## Aim of the exercise
Print every record below exactly as it stands, but leave out the pictures.

## Information provided
——————

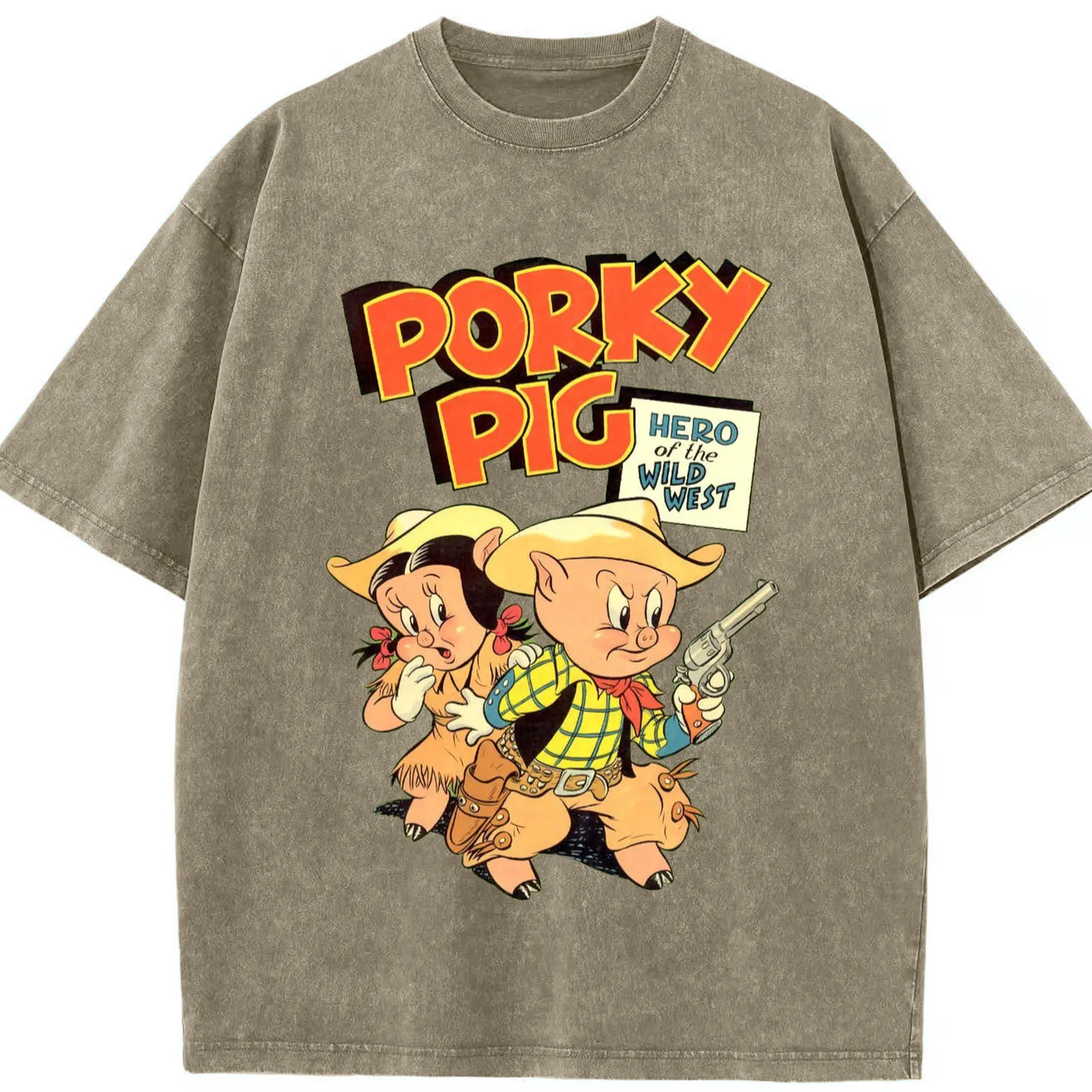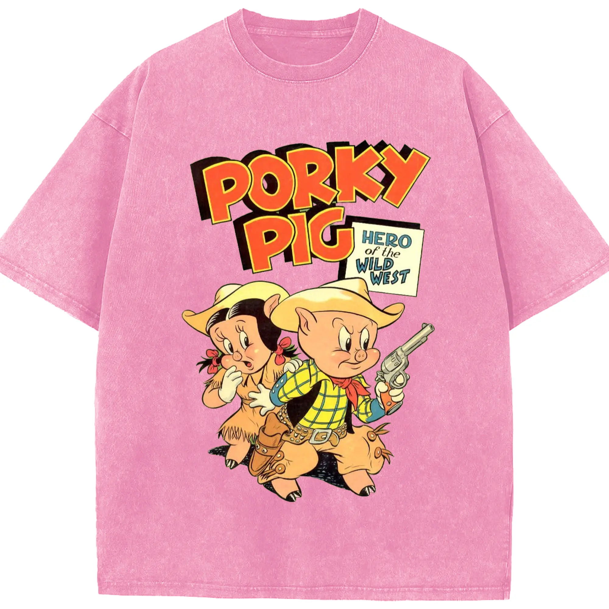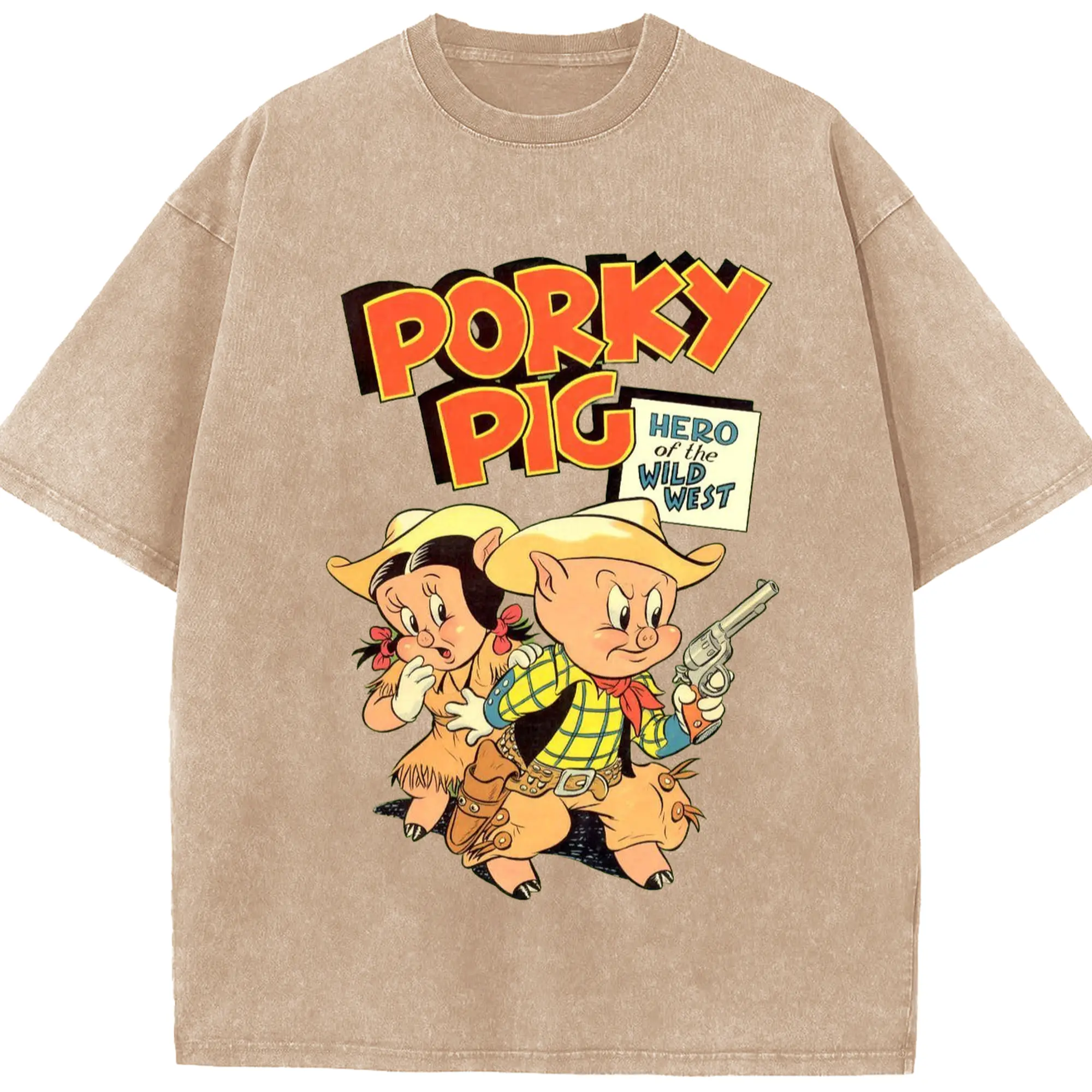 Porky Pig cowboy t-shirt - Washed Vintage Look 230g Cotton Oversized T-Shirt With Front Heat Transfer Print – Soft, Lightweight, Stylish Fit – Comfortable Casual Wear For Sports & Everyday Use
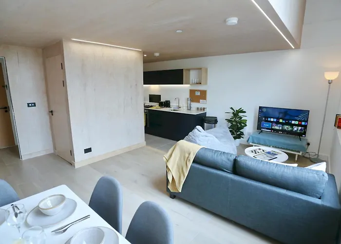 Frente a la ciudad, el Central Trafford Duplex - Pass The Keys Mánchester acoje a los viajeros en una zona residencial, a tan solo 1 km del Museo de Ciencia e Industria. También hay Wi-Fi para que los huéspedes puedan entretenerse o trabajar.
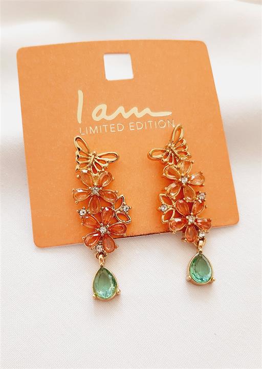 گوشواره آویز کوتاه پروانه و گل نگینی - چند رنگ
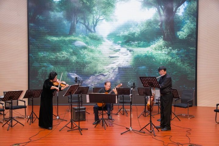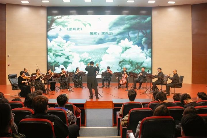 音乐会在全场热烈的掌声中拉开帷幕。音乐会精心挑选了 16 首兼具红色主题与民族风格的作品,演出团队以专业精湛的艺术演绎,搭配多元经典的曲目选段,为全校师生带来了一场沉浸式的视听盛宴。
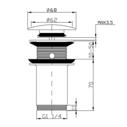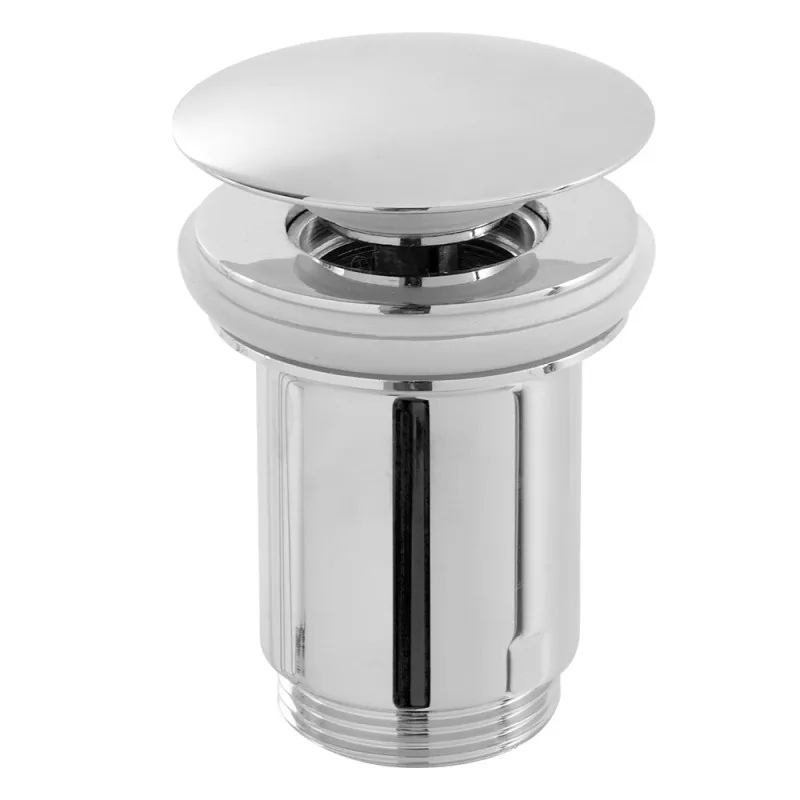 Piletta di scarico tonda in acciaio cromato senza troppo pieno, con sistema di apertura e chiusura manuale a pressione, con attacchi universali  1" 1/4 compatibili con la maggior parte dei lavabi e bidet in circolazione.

——————

## Written response
 Porky Pig cowboy t-shirt - Washed Vintage Look 230g Cotton Oversized T-Shirt With Front Heat Transfer Print – Soft, Lightweight, Stylish Fit – Comfortable Casual Wear For Sports & Everyday Use
 Frente a la ciudad, el Central Trafford Duplex - Pass The Keys Mánchester acoje a los viajeros en una zona residencial, a tan solo 1 km del Museo de Ciencia e Industria. También hay Wi-Fi para que los huéspedes puedan entretenerse o trabajar.
 گوشواره آویز کوتاه پروانه و گل نگینی - چند رنگ
 音乐会在全场热烈的掌声中拉开帷幕。音乐会精心挑选了 16 首兼具红色主题与民族风格的作品,演出团队以专业精湛的艺术演绎,搭配多元经典的曲目选段,为全校师生带来了一场沉浸式的视听盛宴。
 Piletta di scarico tonda in acciaio cromato senza troppo pieno, con sistema di apertura e chiusura manuale a pressione, con attacchi universali  1" 1/4 compatibili con la maggior parte dei lavabi e bidet in circolazione.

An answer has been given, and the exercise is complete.